Yes, but those are just 37 malls out of over 200 that GGP owns. Or owned. The bankruptcy judge might shift ownership just a bit.
Well, let’s just say that US Bank ain’t happy about GGP going toes up.
and Major Malfunction and Captain Confusion (0 and Congress) are trying hard as ever to rescue Lieutenant Lumphead (ACORN and other Libtards) with our tax dollars. Trouble is, they have to sell our babies to borrow money for the bullets, beans, and blankets and then handout BS memos.
I totally agree. We are on a deadheading for devaluation of the US$. China is not going to buy any more debt unless they get at least a 4% yield. We need to let them fail and rebuild, it will be tough. But the alternative is catastrophic.
True, but shifting ownership so the new owners have an additional meny drain from their assets? Who wants a wet firecracker?

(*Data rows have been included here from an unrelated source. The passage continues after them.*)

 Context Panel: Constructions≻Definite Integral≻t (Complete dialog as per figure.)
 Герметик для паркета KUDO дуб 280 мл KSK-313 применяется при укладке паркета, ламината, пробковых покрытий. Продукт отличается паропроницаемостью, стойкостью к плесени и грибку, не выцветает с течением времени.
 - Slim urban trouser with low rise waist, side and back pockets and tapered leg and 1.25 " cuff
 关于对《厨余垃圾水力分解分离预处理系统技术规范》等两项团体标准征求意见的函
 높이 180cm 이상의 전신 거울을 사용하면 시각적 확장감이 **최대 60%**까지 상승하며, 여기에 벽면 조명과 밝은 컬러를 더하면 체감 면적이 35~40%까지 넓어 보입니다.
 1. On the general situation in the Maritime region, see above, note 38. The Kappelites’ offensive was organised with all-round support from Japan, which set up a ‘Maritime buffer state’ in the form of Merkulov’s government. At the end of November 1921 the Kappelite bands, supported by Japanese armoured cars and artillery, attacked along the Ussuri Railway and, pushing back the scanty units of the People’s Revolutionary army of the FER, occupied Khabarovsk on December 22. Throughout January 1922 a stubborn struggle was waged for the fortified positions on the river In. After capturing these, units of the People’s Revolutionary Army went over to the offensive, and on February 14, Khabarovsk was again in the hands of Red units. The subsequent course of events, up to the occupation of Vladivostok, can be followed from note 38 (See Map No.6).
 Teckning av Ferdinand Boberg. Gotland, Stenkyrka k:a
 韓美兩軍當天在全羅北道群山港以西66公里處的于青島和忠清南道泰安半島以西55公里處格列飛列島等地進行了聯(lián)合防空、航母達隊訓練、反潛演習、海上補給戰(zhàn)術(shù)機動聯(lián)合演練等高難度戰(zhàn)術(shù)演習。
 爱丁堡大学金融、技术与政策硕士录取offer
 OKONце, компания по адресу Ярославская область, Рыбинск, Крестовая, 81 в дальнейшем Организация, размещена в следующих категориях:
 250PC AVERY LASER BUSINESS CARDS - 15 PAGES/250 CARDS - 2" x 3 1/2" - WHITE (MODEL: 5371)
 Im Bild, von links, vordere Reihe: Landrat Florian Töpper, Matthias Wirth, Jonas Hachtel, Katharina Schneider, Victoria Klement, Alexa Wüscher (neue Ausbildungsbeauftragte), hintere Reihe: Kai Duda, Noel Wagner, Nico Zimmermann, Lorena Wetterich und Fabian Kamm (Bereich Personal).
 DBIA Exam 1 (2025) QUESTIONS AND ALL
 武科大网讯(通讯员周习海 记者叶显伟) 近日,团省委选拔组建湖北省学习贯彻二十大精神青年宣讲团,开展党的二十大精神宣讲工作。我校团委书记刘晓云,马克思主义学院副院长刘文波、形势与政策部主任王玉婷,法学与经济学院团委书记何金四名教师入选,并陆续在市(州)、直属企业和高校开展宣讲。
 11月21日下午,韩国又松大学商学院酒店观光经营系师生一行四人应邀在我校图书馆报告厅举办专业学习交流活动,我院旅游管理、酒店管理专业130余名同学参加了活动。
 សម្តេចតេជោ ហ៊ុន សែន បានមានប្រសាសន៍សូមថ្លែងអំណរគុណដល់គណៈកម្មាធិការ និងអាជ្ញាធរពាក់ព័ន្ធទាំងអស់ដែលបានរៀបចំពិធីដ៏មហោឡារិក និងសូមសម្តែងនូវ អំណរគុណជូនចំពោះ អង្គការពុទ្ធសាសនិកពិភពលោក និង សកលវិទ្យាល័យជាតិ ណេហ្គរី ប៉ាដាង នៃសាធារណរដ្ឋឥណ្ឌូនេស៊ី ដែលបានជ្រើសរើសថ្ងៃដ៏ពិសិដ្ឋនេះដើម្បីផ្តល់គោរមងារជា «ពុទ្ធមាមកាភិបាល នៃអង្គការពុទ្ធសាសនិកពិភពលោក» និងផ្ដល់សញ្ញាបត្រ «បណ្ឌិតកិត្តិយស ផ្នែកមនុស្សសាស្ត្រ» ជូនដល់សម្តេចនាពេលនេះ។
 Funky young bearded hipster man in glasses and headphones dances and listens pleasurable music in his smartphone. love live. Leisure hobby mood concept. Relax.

Oregon's fund managers (politican overseers) have apologized so I guess it's OK.
You mean like this:
What's Dead? (Short Answer: All Of It)
"Civil unrest will break out before the end of the year. The Military and Guard will be called up to try to stop it. They won't be able to. Big cities are at risk of becoming a free-fire death zone. If you live in one, figure out how you can get out and live somewhere else if you detect signs that yours is starting to go "feral" - witness New Orleans after Katrina for how fast, and how bad, it can get."
"The bad news is that you won't have a job, pension, annuity, Social Security, Medicare, Medicaid and, quite possibly, your life.
[snip]
A 'Copper Standard' For The World's Currency System?
Hard money enthusiasts have long watched for signs that China is switching its foreign reserves from US Treasury bonds into gold bullion. They may have been eyeing the wrong metal."
[snip]
Major Corporation isn’t doing so well either.

My wife and I have noticed that what was called an abomination by elitist Californians, the strip malls seem to be doing okay with local shops, spas and whatever.
The bigger closed in Malls and those spread over acres of land seen to have been in trouble for years. Stores that closed 2-3 years ago, haven’t been replace by new stores, and the spaces they rented are still vacant. Yet Strip malls a mile or so down the road seem to be doing good.
The more scary part is many well known insurance companies have financed mall development. They never anticipated a collapse in retail sales to threaten malls. To get a commercial loan, it is very documented, with pre leases of major stores, an in depth study on foot traffic, financial health of the anchor retailers and mall developers, business model and etc before the lender will approve a loan to the developer. Since commercial loans are considered less riskier than residential loans, many banks and more important insurance companies keep the mortgage note to enjoy the interest it gets. For insurance companies it is one of the mainstays in their portfoilios to generate lucrative profits to backup life insurance and annuities. Maasive failure in commercial real estate mortgages WILL IMPACT life insurance and annuities. If these policies go bankrupt, many states are suppose to insure the policy holders. It varies state to state the amounts that is covered, but ALL the states do not have suffient funds to cover a massive failure. Majority of commercial real estate loans (5 year balloons) are due this summer 2009. Majority of them are already behind payments and are having a hard time refinancing due to high vacancy rates in their properties.